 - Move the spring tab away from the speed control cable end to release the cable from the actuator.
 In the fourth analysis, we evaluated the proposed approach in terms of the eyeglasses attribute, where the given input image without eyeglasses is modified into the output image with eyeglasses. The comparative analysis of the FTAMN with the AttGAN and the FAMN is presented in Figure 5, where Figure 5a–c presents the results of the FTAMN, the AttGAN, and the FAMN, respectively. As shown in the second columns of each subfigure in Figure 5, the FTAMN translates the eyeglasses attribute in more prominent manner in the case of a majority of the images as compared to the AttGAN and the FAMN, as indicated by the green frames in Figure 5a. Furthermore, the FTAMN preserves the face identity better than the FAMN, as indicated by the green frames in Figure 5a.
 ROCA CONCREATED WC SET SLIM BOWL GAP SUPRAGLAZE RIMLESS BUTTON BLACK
_____
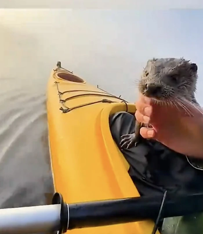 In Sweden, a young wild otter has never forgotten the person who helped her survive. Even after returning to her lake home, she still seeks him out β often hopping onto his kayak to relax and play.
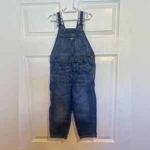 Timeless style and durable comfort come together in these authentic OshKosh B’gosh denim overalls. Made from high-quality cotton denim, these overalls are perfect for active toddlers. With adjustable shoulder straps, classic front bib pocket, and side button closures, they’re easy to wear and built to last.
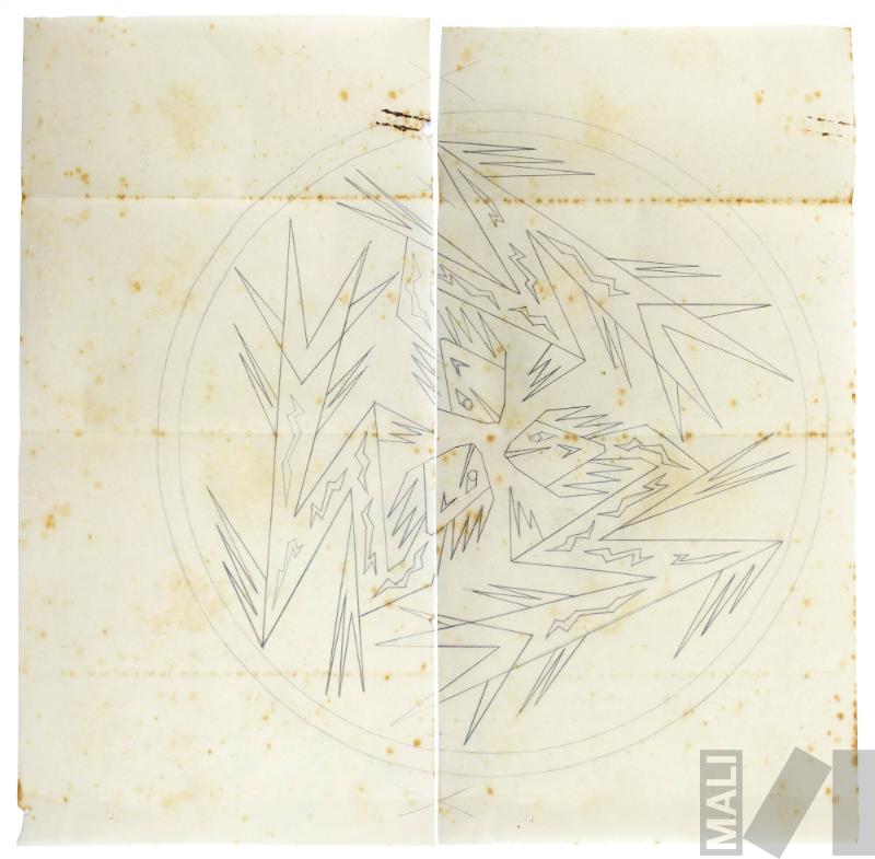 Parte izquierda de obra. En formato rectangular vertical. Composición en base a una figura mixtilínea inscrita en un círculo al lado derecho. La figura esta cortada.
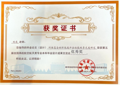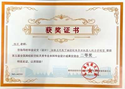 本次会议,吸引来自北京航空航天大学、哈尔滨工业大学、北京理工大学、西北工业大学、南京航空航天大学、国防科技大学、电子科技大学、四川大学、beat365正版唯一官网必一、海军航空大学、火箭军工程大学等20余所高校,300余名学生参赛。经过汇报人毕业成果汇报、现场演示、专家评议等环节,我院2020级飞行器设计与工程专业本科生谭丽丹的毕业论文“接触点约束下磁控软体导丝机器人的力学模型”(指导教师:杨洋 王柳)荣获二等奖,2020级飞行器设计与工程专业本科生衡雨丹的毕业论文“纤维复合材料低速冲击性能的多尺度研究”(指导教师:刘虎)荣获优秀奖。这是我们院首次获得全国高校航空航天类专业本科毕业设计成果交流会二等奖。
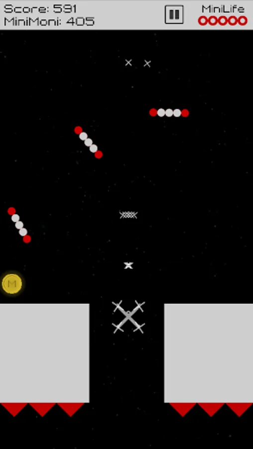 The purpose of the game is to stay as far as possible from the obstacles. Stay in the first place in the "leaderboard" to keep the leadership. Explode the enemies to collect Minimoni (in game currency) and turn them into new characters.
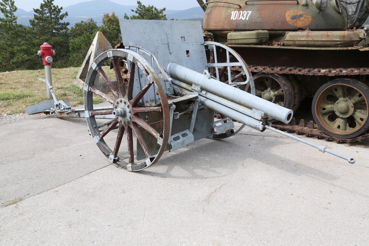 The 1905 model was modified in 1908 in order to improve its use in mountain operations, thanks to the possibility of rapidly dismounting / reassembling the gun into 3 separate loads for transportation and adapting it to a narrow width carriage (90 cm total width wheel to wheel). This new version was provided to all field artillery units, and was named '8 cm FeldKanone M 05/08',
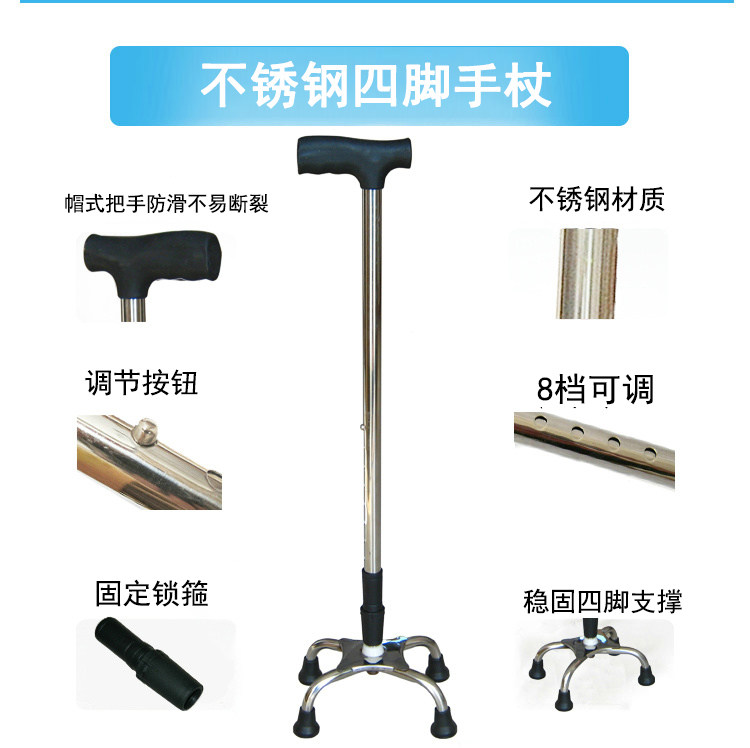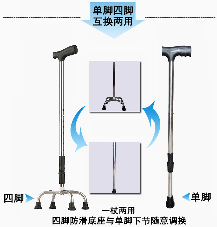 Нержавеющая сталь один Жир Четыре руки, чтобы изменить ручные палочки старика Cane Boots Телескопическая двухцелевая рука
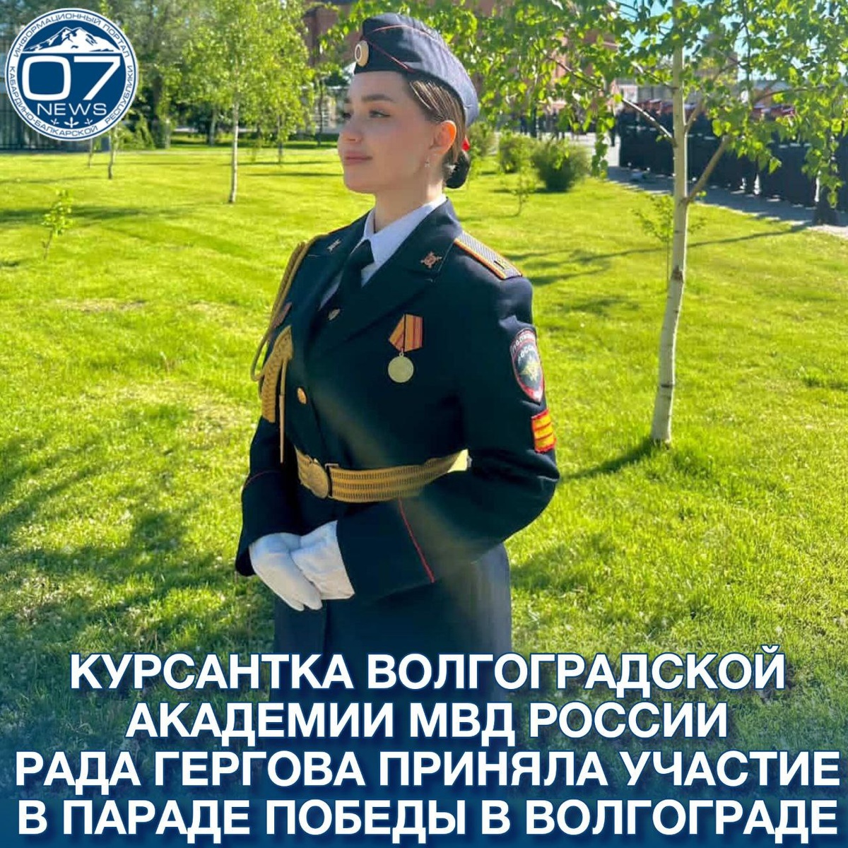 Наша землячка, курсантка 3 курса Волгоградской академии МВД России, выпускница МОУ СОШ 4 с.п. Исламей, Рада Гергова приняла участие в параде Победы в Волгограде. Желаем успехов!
_____
# EXERCISE DESCRIPTION:
Write back word for word every line in the entries above from the one with "Parte izquierda de" to the one with "本次会议,吸引来自北京航空航", ends included, and none of the pictures.

# RESPONSE TO THE TASK:
 Parte izquierda de obra. En formato rectangular vertical. Composición en base a una figura mixtilínea inscrita en un círculo al lado derecho. La figura esta cortada.
 本次会议,吸引来自北京航空航天大学、哈尔滨工业大学、北京理工大学、西北工业大学、南京航空航天大学、国防科技大学、电子科技大学、四川大学、beat365正版唯一官网必一、海军航空大学、火箭军工程大学等20余所高校,300余名学生参赛。经过汇报人毕业成果汇报、现场演示、专家评议等环节,我院2020级飞行器设计与工程专业本科生谭丽丹的毕业论文“接触点约束下磁控软体导丝机器人的力学模型”(指导教师:杨洋 王柳)荣获二等奖,2020级飞行器设计与工程专业本科生衡雨丹的毕业论文“纤维复合材料低速冲击性能的多尺度研究”(指导教师:刘虎)荣获优秀奖。这是我们院首次获得全国高校航空航天类专业本科毕业设计成果交流会二等奖。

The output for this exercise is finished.